Search code examples
z3smtz3pysbv

Implementing the x86 PDEP/PEXT instructions efficiently in SMTlib


Is there a way to specify the PDEP/PEXT instructions efficiently in SMTlib bitvector syntax?

My best attempt for PEXT ends up with something to the tune of: "Iff bit N in mask is set, then bit count_bits(mask[0..N]) in the result is equal to bit N in the input value.". But this requires a way to count bits, which isn't available in QF_BV.

Similarly for PDEP I end up with something like: "Iff bit N in mask is set, then bit N in the result is equal to bit count_bits(mask[0..N]) in the input value." Which again, requires counting bits.

I could write a naive bit counting function, but that would probably require evaluating all bits in the bitvector one-by-one. The entire specification would end up being O(N^2), which shouldn't be necessary.

Intel gives this implementation for PDEP:

TEMP := SRC1;
MASK := SRC2;
DEST := 0 ;
m := 0, k := 0;
DO WHILE m < OperandSize
    IF MASK[ m] = 1 THEN
        DEST[ m] := TEMP[ k];
        k := k+ 1;
    FI
    m := m+ 1;
OD

...but I am having trouble translating the while loop to SMTlib syntax.


Solution

  • When programming symbolically, you can't really avoid this sort of complexity. Note that your implementation must work correctly for all symbolic values of the input and the mask: Without having a concrete value for these, it's pointless to optimize: The solver will have to consider all possible paths, and hence optimization tricks don't really work. (You can think of symbolic simulation as "running for all possible inputs," so no shortcuts apply.)

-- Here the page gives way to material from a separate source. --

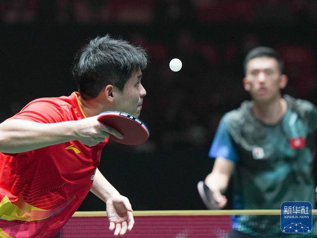 在混比双赛里,香港队选手黄镇廷(右)以及琹凯杜参与其中,最终他以们0比3的比分,输给了国中队选楚王手钦和莎颖孙,此画新由面华社记迎王者拍摄 。

    So, instead of focussing on the complexity of the loop, simply write the necessary constraints on the final value. Unfortunately SMTLib isn't terribly a good choice for this sort of programming, as it doesn't allow for many usual programming idioms. But that's precisely why we have programmable API's built on top of solvers. Z3 can be scripted from many languages, including C/C++/Python/Haskell/Java.. etc.; so I'd recommend using a language you're most familiar with and learning the bindings there.

    Based on this, I'll show how to code PEXT using both the popular Python API, and also the Haskell version. At the end, I'll also show how to do this in SMTLib by generating the code, which might come in handy. Note that I haven't extensively tested these, so while I trust the basic implementation is correct, you should double check before using it for anything serious.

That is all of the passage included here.